I have finished what I was supposed to do, so I am lolling at my desk, updating this, listening to subdued conversations take place all around me (today is Thursday, it is quite a buzzing day here) and trying to read the paper all at once. Talk about multi-tasking. Now, if I stop up my ears with earphones and listen to Nella Fantasia et al. I will be able to concentrate on reading the paper. Except that I am not reading the paper. I am updating this.
The past few days have been weird. I get so tense that I end everyday with a blinding migraine. So blinding that I can barely drive home. Now I know that these guys are going way easy on me and have only given me easy stuff to begin with. So that means I am stressing myself out for nothing.
Yesterday, first thing in the morning, I asked a colleague if he had Panadol. No, but he had Vitamin C tablets, the kind you dissolve in water, which he said always gave him the requisite pick-me-up. So I took two. Then, he asked around and found some aspirin for me (can anyone be nicer?).
After lunch I stopped by at Borders and picked out a volume of Edna St Vincent Millay. I read the famed Renascence and then turned to my favourite (maybe because we did this poem in university):
What lips my lips have kissed, and where, and why,
I have forgotten, and what arms have lain
Under my head till morning; but the rain
Is full of ghosts tonight, that tap and sigh
Upon the glass and listen for reply;
And in my heart there stirs a quiet pain
For unremembered lads that not again
Will turn to me at midnight with a cry.
Thus in the winter stands a lonely tree,
Nor knows what birds have vanished one by one,
Yet know its boughs more silent than before:
I cannot say what loves have come and gone;
I only know that summer sang in me
A little while, that in me sings no more.
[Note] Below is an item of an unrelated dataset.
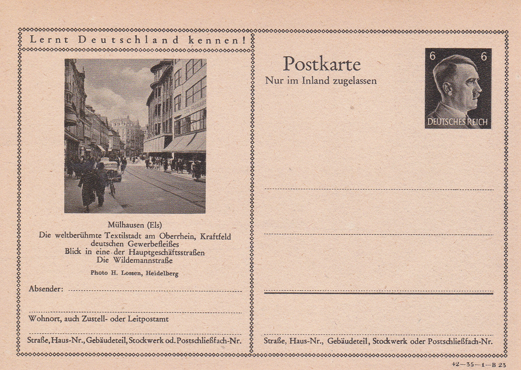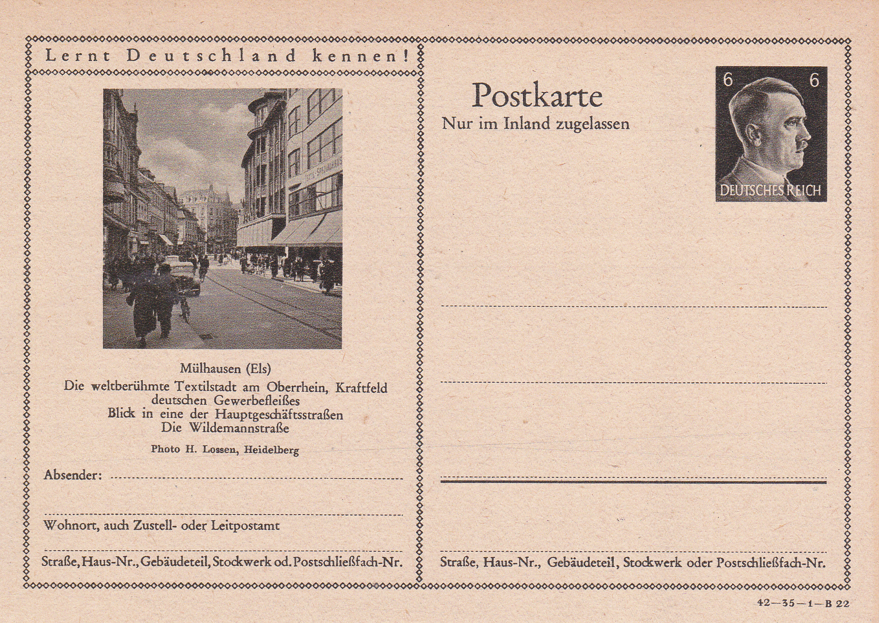 Eine weitere Karte (Serie 35 Bild 22) zeigt ein Foto mit der Wildemannstraße in Mülhausen (Elsass).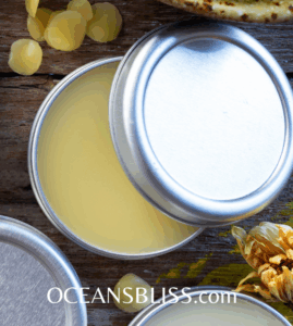 Welcome to Oceans Bliss Portal! Let’s dive into a seasonal remedy I always keep on hand. I store mine in a small tin in the fridge, and I often pour a few into lip chap tubes to keep in my purse or to use on feet before putting on socks.

I don't know if you've noticed but the last stanza so to speak about her boughs being more silent than before is sort of a mirror of a Shakespeare sonnet which begins thus (or should I say thusly?):
That time of year thou mayst in me behold
When yellow leaves, or none, or few, do hang
Upon those boughs which shake against the cold,
Bare ruin'd choirs, where late the sweet birds sang.
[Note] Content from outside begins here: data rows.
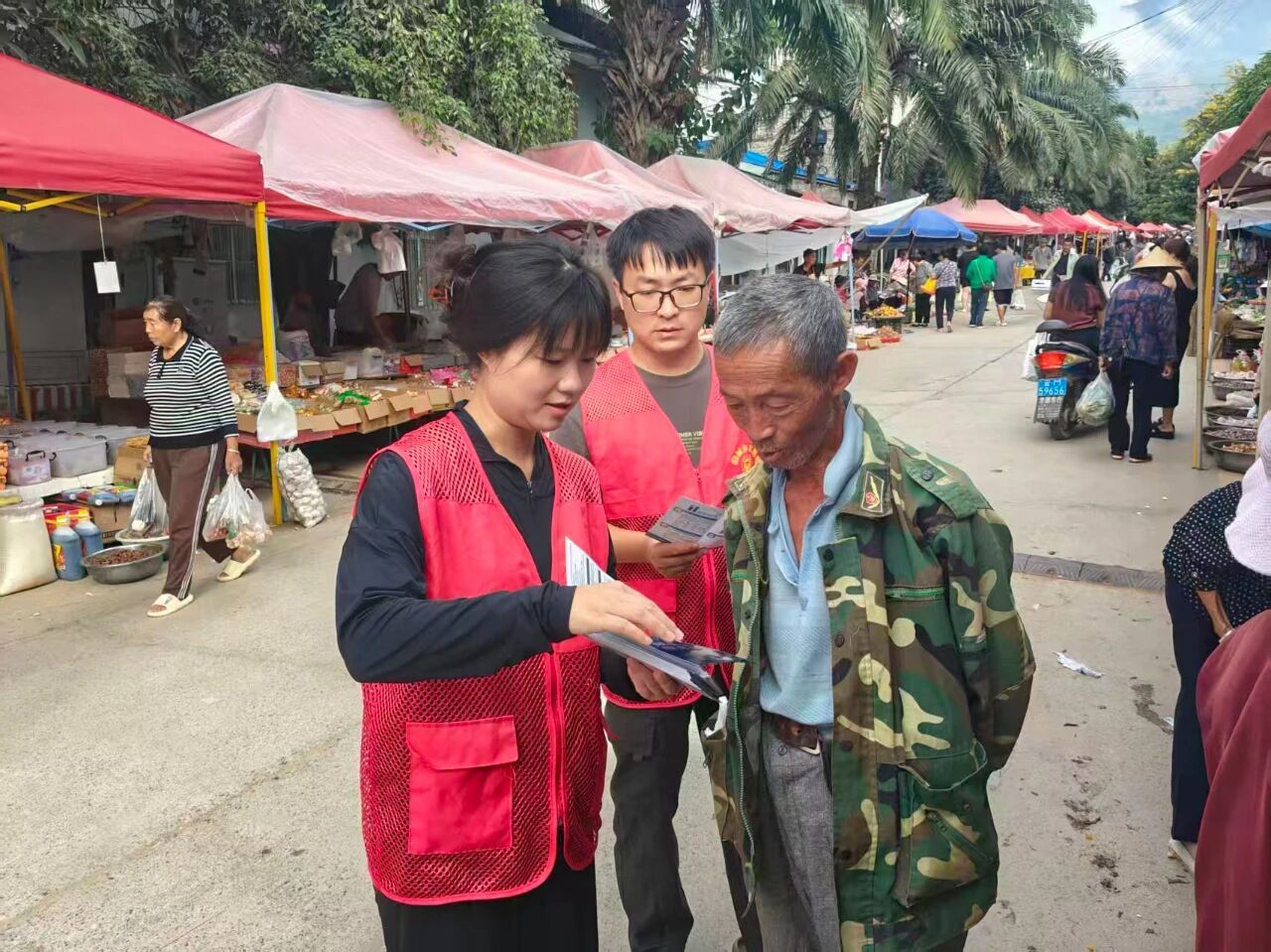 当天,旧城乡党群服务中心组织社保工作人员,在人员密集区域设立流动政策咨询点,以“流动咨询+现场答疑”的模式,向沿街商铺经营者和赶集村民宣传社保、就业创业政策。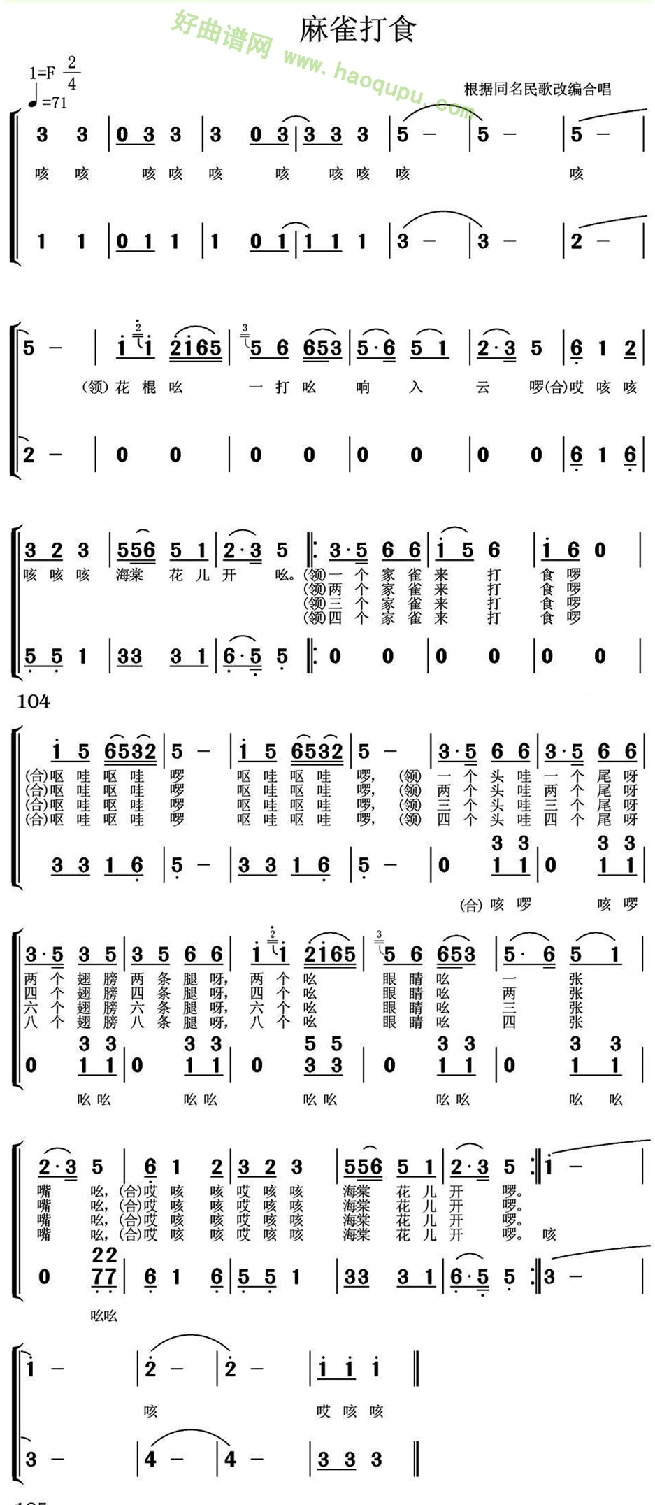 嘎达梅林简谱(傅克明改编合唱作曲)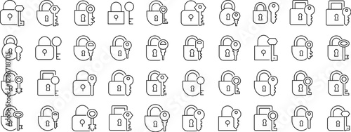 Lock and Key Line Icon Pack. Outline Signs for Graphic and Web Design, Apps, Adverts, Various Cards

Anyway, because I'm weird I stroll along on my solitary way repeating phrases to myself like "where late the sweet birds sang" or "what lips my lips have kissed" or "in sooth, I know not why I am so sad."
Is it any wonder that nobody wants to hang out with me and I get weirder and more isolated by the minute?
Anyway, so yesterday I finished the stories that have been weighing me down and causing me all this stress and I left the office for the first time without a migraine. Which was kind of good because it had been raining intermittently and there was a massive jam outside.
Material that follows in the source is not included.